| Źródło: Materiały własne, zdjęcia: Jacek Guzik
Protestowali na rynku przeciwko PLANdemii. Posypały się mandaty
- Wirusy są od zawsze, od początków ludzkości i będą z nami zawsze. Wierzę w pana Boga, nie wierzę w "pana Covida". Nie protestujemy przeciwko temu, że jest choroba, ale przeciwko zamykaniu przychodni, szpitali, możliwości leczenia, przeciwko temu, że ludzie nie mogą korzystać z podstawowej opieki zdrowotnej, że dzieci na korytarzach szkolnych nie są bezpieczne, ale w klasach już są, że na zewnątrz nie było "pana Covida", od dziś już jest - mówił na wstępie Adam Kania.
Zachęcano do zdejmowania masek, przytaczając opinie lekarzy, według których noszenie maseczek jest szkodliwe dla zdrowia. - Najważniejszym elementem walki z wirusem jest nasz układ odporonościowy, nie maski - przekonywał uczestników Roman Fritz z Konfederacji Korony Polskiej.
Do uczestników przemówił też Piotr Holdenmajer, który od początku brał udział w strajkach, m.in. w Warszawie.
- Sam nie przyjąłem sześciu mandatów, wszystkie sprawy oczywiście poszły do sądu. W międzyczasie dostałem postanowienie z sanepidu o nałożeniu na mnie kary za nie zakrywanie ust i nosa. Wystarczyło napisać jedno odwołanie, 2 kartki A4, złożyć i czekać. Niedawno zostało to anulowane, jest to bezzasadne, sanepid nie ma uprawnień, by karać nas za niezakrywanie ust i nosa. Wielu moich znajomych też dostało takie kary, nie ujawniają się, bo nie chcą ze swoich powodów się ujawniać. Mandaty, których nie przyjęliśmy od policji i zostały skierowane do sądu, zostały anulowane - mówił rybniczanin.

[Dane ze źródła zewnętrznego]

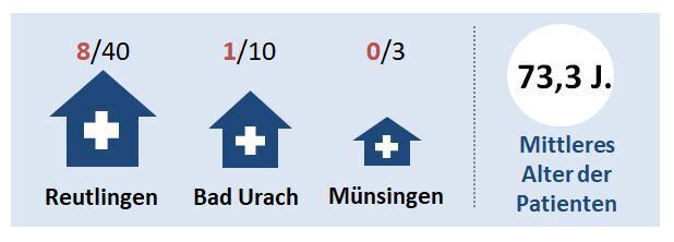 13:00 Uhr Die Reutlinger Kreiskliniken behandeln aktuell 45 Patienten wegen Covid-19 stationär, 10 von ihnen sind intensivpflichtig. Das teilt das Landratsamt auf GEA-Anfrage mit. Im Tübinger Uniklinikum werden aktuell 44 Menschen behandelt, die sich mit dem Coronavirus infiziert haben. 24 von ihnen liegen auf der Intensivstation. (kk)
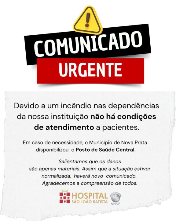O hospital informa que, devido a um incêndio ocorrido nas dependências da instituição, não há condições de atendimento aos pacientes no momento.

- Nie podoba mi się to, że ogranicza się moją wolność, moją swobodę gospodarczą, to, że nie pozwala mi się robić tego, na co mam ochotę - nie będę wyrażał zgody na takie działania rządzących. Mają bardzo proste rozwiązanie, by zamknąć mi usta, wystarczy, że wprowadziliby stan wyjątkowy. Dlaczego tego nie robią? Bo musieliby wypłacić ogromne odszkodowania przedsiębiorcom i wszystkim, którzy zaczęliby skarżyć ich decyzje - mówił Piotr Holdenmajer dodając, że nie neguje obecności wirusa, tylko to, "że nie jest on taki straszny".
Były też transparenty z napisami "Zdejmij maskę", a zgromadzeni wykrzykiwali hasła: "Chcemy wiedzy, nie terroru!"
Policjanci wylegitymowali osoby, które nie miały zasłoniętych ust i nosa, co przypomnijmy, od dziś jest obowiązkowe w całym kraju. Uczestnicy przeważnie nie przyjmowali mandatów, sprawy zostały więc skierowane do sądu - mówi asp. Bogusława Kobeszko, rzecznik KMP w Rybniku.